In Palma’s case, perhaps a revenge for old arguments, he also questioned why he should intercede: “It’s not worth it, he’s a communist”, he said. His former neighbors also asked him for a missing Catholic worker and the dictator argued that he had no chance to intervene and that he was most likely to be found lying in a ditch.

In 1977, Santiago Cañas, a retired military officer who had worked as a clerk in the Montes de Oca Colony, sent him a letter asking for his kidnapped daughter. “I appeal to your human and Christian feelings and in memory of that son of yours who was interned in the Montes de Oca Colony to give me information about the whereabouts of my daughter Angélica”. Not even the memory of his deceased son softened the heart of the coup leader. The letter with the answer was sent that same day: “There are times when I cannot do anything”, Videla replied to that father as hopeless as himself when he received the report of his son’s illness.

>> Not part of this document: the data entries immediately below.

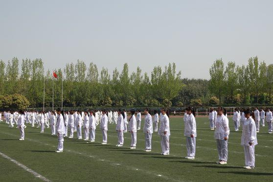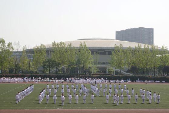 3月28日9点30分, “迎校庆”365英国上市网站官网第二届太极比赛在北区体育场如期举行。早上8:50,同学们都按时到达了北区体育场,根据喜迎125周年校庆的寓意确定了“一二五”太极阵型。体育部领导为大家致辞后,所有同学拉开阵型,进行了汇操表演。
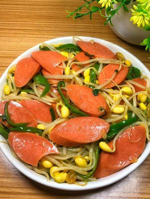 黃豆芽100克、火腿腸一個、蔥適量、宴友食用油適量、鹽適量、花椒粉適量、醬油適量、味精適量
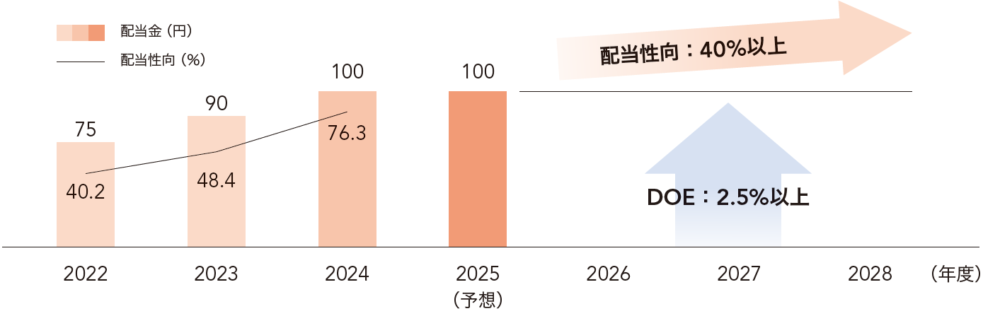 今後も株主還元を経営の最重点課題の一つとして認識し、「JT-2028 経営計画」では、配当性向40%以上に、DOE(株主資本配当率)2.5%以上を新たな指標として採用します。DOEの採用により、業績変動に左右されない安定的な還元を基本方針としつつ、今後の業績向上による増配を目指してまいります。

Among the hundreds of tragic cases that touched the dictator closely, the disappearance of the French nuns is perhaps the most atrocious, given the relationship they had had with his disabled son. Videla knew that they had been kidnapped and that they were in the ESMA. Yet they were tortured, loaded onto a death flight and thrown alive into the sea.

The old dictator died in a toilet of the Marcos Paz prison, almost as a mockery for a man who felt all-powerful and master of the fate of thousands of lives. A man without nuances: merciless, messianic and cruel. Who behaved like a friendly neighbor but who finally showed that he was a monstrous character, capable of being at the head of the bloodiest and darkest dictatorship that scourged Argentina.